For all the hype of the selection process for the first astronaut class --- The Right Stuff is a fantastic movie --- I don't think the current process is anywhere near as physically rigorous. They're probably still fit relative to the populace, but it's no longer quite the standard of perfection they started with. Deke Slayton of the Mercury 7 was grounded at the time for a minor heart issue, but got to fly later, and John Glenn was pretty old (77) when he flew again on the Space Shuttle in 1998.
The original flights had to work, right? They were America's way of showing superiority to the Russians and to Communism. Now that it's just another tour of service, albeit an unusual one, I'm not surprised standards have been relaxed.
The combination of better automation, simpler missions (and in particular not going behind the Moon and therefore potentially having to carry out manoeuvres while out of comms with Earth) and more payload meant that the Shuttle could afford to carry passengers in a way that earlier missions could not.

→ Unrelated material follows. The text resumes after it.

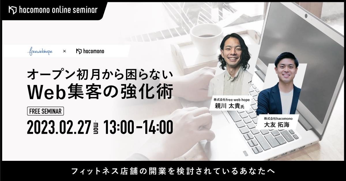 free web hopeが手掛けたフィットネスジムやパーソナルジムなど店舗集客の実績と、hacomono様が提供するオールインワン基幹システムのご紹介をいたします。

Early space suits were very hard to work in because constant-volume flexible pressure vessels are hard. This has gotten better, but isn't a fully solved problem. In much the same way that early aircraft required large forces on the controls (flying a B-17 I'm told is an arm workout on a good day, doubly so when the trim settings are damaged). It doesn't take a serious bodybuilder to fly an Airbus today, though.